Pisa, Trump et Ferry (dans le désordre)

ferryIl est parfois intéressant de partir un peu à l’aventure dans l’actualité. Cela permet d’établir quelques liens qui ne sont pas toujours évidents à première vue.

Ainsi, la dernière enquête PISA (2015) vient de sortir. En France, globalement, la situation semble s’être stabilisée, c’est-à-dire qu’elle ne se dégrade plus, c’est déjà un progrès à priori !

Pourtant, il suffit de lire les quelques analyses menées à chaud pour se rendre compte qu’au contraire, il est malvenu de se réjouire. Notre système scolaire est de plus en plus marqué par les inégalités de réussite scolaire. “La France apparait donc comme le pays des inégalités avec un système éducatif qui éclate en deux pôles qui augmentent chacun aux deux extrêmes” écrit le Café pédagogique.

Et ces deux pôles sont fortement corrélés à l’origine sociale. Ainsi, en fonction de la réussite scolaire des parents ou de leur lieu de naissance, on peut prévoir avec une bonne certitude les résultats scolaires d’un nouveau-né !  La France est championne du monde dans cette “catégorie” (en tous cas des 72 pays testés).

On est totalement à l’inverse de la promesse républicaine.

Les élèves français qui ont participé à cette enquête appartiennent à une génération qui a subi les effets de 10 ans d’une politique qui, entre 2002 et 2012, et en particulier sous l’autorité de Nicolas Sarkozy et de François Fillon, a  piloté l'éducation par les restrictions budgétaires et une idéologie réactionnaire :

- les programmes de 2008 entre le CE2 et le CM2 fondés sur une idéologie rétrograde ;

- semaine de 4 jours à l’école quatre et six heures par jour à un rythme inadapté aux apprentissages ;

- élèves de plus en plus nombreux dans leurs classes au fur et à mesure de leur scolarité, puisque 80 000 postes d'enseignants ont été supprimés entre 2007 et 2012. (voir le communiqué de presse de la fédération SGEN).

Des résultats qui sont le fruit d’une politique scolaire au service d’une seule moitié de la population

Une autre info est à mettre en relation avec cela : l’analyse des votes en Autriche lors de la présidentielle du week-end dernier (voir ici dans Le Monde). Parmi d’autres, la différence de niveau d’étude est un marqueur fort du vote. Les moins diplômés sont plus enclins à voter pour l’extrême-droite. On retrouve des chiffres qui vont dans le même sens pour l’élection de Trump aux Etats-Unis (voir ici) et pour le Brexit.
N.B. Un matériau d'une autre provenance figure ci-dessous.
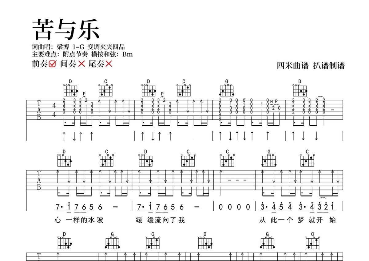 梁博《苦与乐》吉他谱 - G调弹唱六线谱

Bien évidemment, le niveau de diplôme n’est pas la seule explication de la montée du vote populiste. Cependant l’Ecole a un rôle essentiel à jouer dans le maintien de la démocratie dans nos sociétés. Les gouvernants des débuts de la IIIème République l’avaient bien compris, quand ils ont imposé l’école obligatoire, gratuite et laïque dès les années 1880 : des citoyens conscients de leur intérêt et responsables sont des citoyens éduqués.

Si la France veut échapper aux tentations des extrêmes, elle doit offrir un avenir à ses enfants et ne pas en rejeter une partie, les “mauvais élèves”.

Le sentiment d’exclusion sociale commence à l’école et se poursuit quand ses propres enfants n’ont pas les mêmes chances que d’autres. La politique proposée par la droite aujourd’hui dans son programme scolaire (suppressions de postes, orientation précoce, rejet de la réflexion pédagogique, stigmatisation de l’élève en difficultés) met en danger, à terme, l’assise sociale de notre démocratie.